A Local Model for Wildfire Readiness

June 9, 2020

Recently, CAL FIRE announced it would ask property owners to complete “defensible space” self-assessments, as the department is limiting property inspections this year due to social distancing.

California law requires property owners in some fire-prone areas to take certain measures to protect their property against wildfire. Local jurisdictions in high-hazard areas may set even stricter standards. The resulting fire buffer area – at a minimum, 100 feet around each structure on the property – is called “defensible space.” That space helps protect the buildings and other structures from wildfire and it creates a safer environment for firefighters. CAL FIRE enforces these rules in areas of state responsibility.

In 2014, the Little Hoover Commission studied defensible space enforcement as part of a larger project on climate change adaptation, and found opportunities to better protect Californians’ homes and the firefighters defending them. In its subsequent report, Governing California through Climate Change, the Commission called upon the state to more aggressively enforce defensible space requirements and strongly suggested using Ventura County as a model.

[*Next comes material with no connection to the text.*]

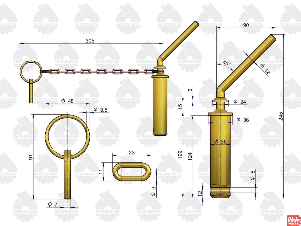 Sworzeń zaczepu górnego C-330 ORYGINAL URSUS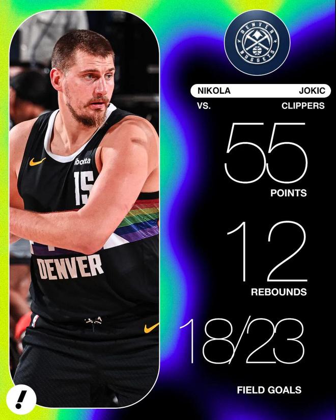 2、55分是約基奇的生涯第三高分,上賽季他曾單場拿過61分10籃板10助攻、56分16籃板8助攻

In Ventura County, the county notifies property owners of their defensible space obligations about a month and a half before inspections. If violations are found upon inspection, property owners are given seven to 14 days to correct them. If there are still violations upon re-inspection, the county immediately dispatches contractors to bring the property up to code and bills the owner for costs along with a hefty administrative fee.

In contrast, state law is more forgiving. It requires someone to be convicted of three violations within a five-year period before CAL FIRE can intervene to bring the property up to code. CAL FIRE focuses on education. From a colorful user-friendly website to commissioning a ballad on defensible space, the department constantly works to educate Californians about steps they can take to protect themselves from wildfire. Sometimes the educational approach is preferable even when there are available resources for enforcement: In a 2019 interview with the San Diego Union-Tribune, a CAL FIRE inspector explained that not all residents are pleased to see government officials show up on their property, and it can be more productive to frame the conversation as tips to protect residents and their neighbors instead of threatening to punish them for noncompliance.

The Ventura County model gets results. During the October 2003 wildfires that devastated Ventura, San Bernardino, and San Diego counties, only 24 of the 3,600 homes destroyed were in Ventura County. When it first implemented the program more than three decades ago, Ventura County had to clear hundreds of noncompliant properties itself each year. Consistent enforcement has helped. In the data shared with the Commission from 2006, the county only had to clear 18 of the nearly 15,000 properties in the wildland-urban interface. Data from 2018 show the county only had to clear 24 of about 16,600 parcels. Usually about 90 percent of people get it right the first time, thereby eliminating the need for re-inspection.

As policymakers consider future ways to ensure that homes are better protected from fire, they should consider the Commission’s recommendation to use a workable model from local government.